A Third Try for a New Services Center

Proposed municipal services center for Town and County Fire and EMS services as well as Police and other department administrative offices on 101 Weaver Dairy Rd Ext.


From Staff Reports

The Chapel Hill Town Council will review the latest concept plan for a municipal services center and new police headquarters Wednesday and once again will be faced with competing interests to balance. Environmental concern and neighborhood protection will be weighed against the department’s critical need and additional room for town offices.

The new concept plan, the third attempt to find a location for the headquarters and the services center, is proposed for Weaver Dairy Road Extension and Martin Luther King Jr. Boulevard, the current site of Fire Station #4 and its burn building  ​In addition to the police station, the service center would include a fire station and a home for Orange County EMS as well as provide administrative offices for town departments like parks and recreation, technology services and the town ombudsman.

Town Hall has been overcrowded and squeezed for space for a number of years.  Meanwhile, the current police station is more than 40 years old, has become too small for a growing force and is in need of major repairs.

The PD sits on an old coal ash dump site from the 1960s that poses challenges to reconstruction. John Richardson, Chapel Hill’s planning manager for sustainability, said the town is working on a response to the coal ash issue, but local environmentalists say the town needs to do more.

Meanwhile, previous efforts to find a location for the department have included UNC land on Estes Drive and at University Place.  But both those sites fell through due to ownership or leasing issues. 

But the new proposed location has some challenges as well.

The location is 50 feet above the abutting Northwoods V neighborhood and the perennial stream that is the origin of Booker Creek.  A resource conservation district exists on the property as well. The N.C. Department of Transportation would have to approve additional driveways on MLK Jr. Blvd. because of their proximity to the Evolve apartment complex driveway.

In a virtual information meeting with the town earlier this fall, Adam Silverstein, who lives around 150 feet from the proposed site, expressed concerns about the center’s lighting, noise, steep slopes and increased traffic, issues that the town’s recent Comprehensive Plan warns could be problems.   

Another neighbor pointed out that Weaver Dairy Road Extension is a curving road with “lots of trees and leaves” and needed a 25-mile-per-hour speed limit to ensure the safety of pedestrians and cyclists. Joey Ware-Furlow, a Tremont Circle resident, commented that the topography of the site causes “sounds to be echoed and amplified.”  She added that her home physically shakes when nearby dumpsters are emptied. 

When the Community Design Commission reviewed the service center concept plan proposal during the meeting, the staff presentation addressed a number of those challenges, including the topography and the impact of a traffic impact analysis.

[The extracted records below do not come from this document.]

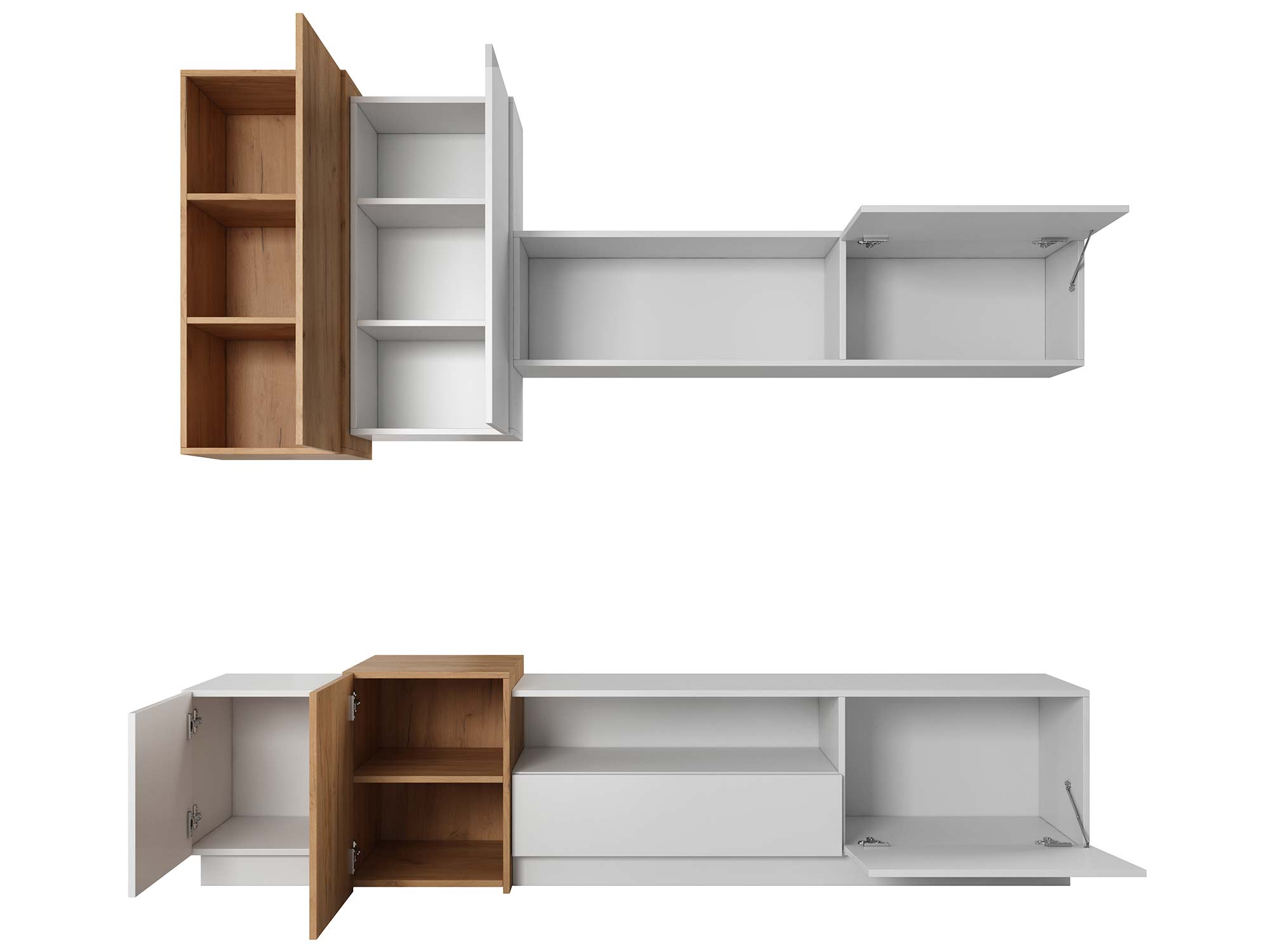 Nowoczesna meblościanka MAILS to nowy system mebli, który nada Twojemu pomieszczeniu niepowtarzalny i unikatowy charakter. Z pewnością biel przeplatająca się z kolorystyką dębu craft złotego pozwoli na ożywienie oraz kontrast w Twoim salonie. System 3Dto nowa linia mebli powstała z myślą o nowoczesnych wnętrzach. Dzięki meblom z serii MAILS stworzysz ciekawą aranżację swojego salonu. Meble wykonane z płyty laminowanej o grubości 16 mm o odporności na zarysowania oraz wilgoć. Zawiasy z prowadnicami systemu z domkiem.
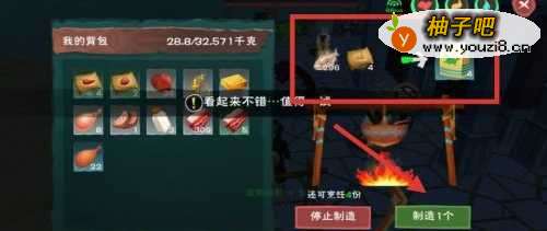 4第四步,把准备好的材料放到烹饪锅中,再点击制造1个,如下图
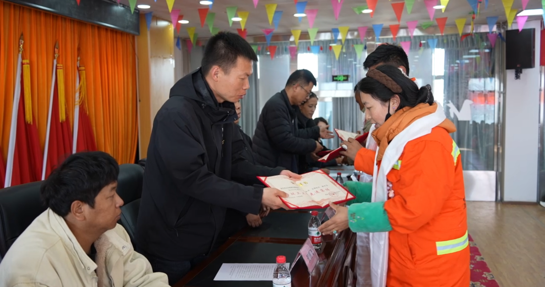 为弘扬“宁愿一人脏,换来万家净”的环卫精神,向长期坚守在一线的城市美容师致以敬意,10月26日,色尼区举办环卫工人表彰活动,将关怀与温暖送到环卫工人心坎上,现场节日氛围热烈浓厚。活动为20余名“优秀环卫工人”“最美保洁员”颁发荣誉证书,用表彰致敬劳动者的坚守。
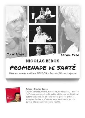 Dernière pièce en date de Nicolas Bedos, et sans doute la meilleure à ce jour, "Promenade de santé" est remarquable. D'une simplicité apparente, Bedos va tirer une tragédie qui ne dit pas son nom, une histoire d'amour vouée à l'échec dans retournement de situation assez innatendu. c'est fin, c'est doux-amer, on rit la gorge nouée, d'un rire gêné...
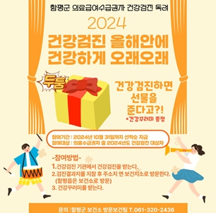 [뉴스서울] 전남 함평군 보건소가 2024년 의료급여수급권자 건강검진 독려를 위해 올해 10월 31일까지 5개월간 건강검진 수검 인증 행사를 진행한다.
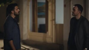 Точно в този момент вратата на кантората се отваря и Нуршах излиза. Облечена е семпло, но стилно. Лек грим, интересни аксесоари – изглежда различно, по-особено. И двамата мъже поглеждат към нея. Кенан я поглежда… и за секунда нещо проблясва в очите му, но бързо отстъпва място на гнева. Осъзнава, че тя се е приготвила за вечерята. Без да каже и дума, напрегнат, се обръща и си тръгва.

CDC member Ted Hoskins generally liked the concept plan, but objected to a public plaza hidden behind the building, a concern echoed by other commissioners. Commissioner Megan Patnaik, however, felt that pedestrian safety could be an issue because no sidewalk exists across Weaver Dairy Road.  She also asked about the topography and staff confirmed there is a 50-foot drop between the corner of Weaver Dairy Extension and MLK Jr Blvd. and the adjacent neighborhood, which would make it difficult to screen from noise and light. 

Commissioner John Weis finally noted that community members had “raised enough questions for us to be concerned.” 

After Wednesday’s council review, the town staff will work on reflecting the comments they heard and proceed toward filing a conditional use application.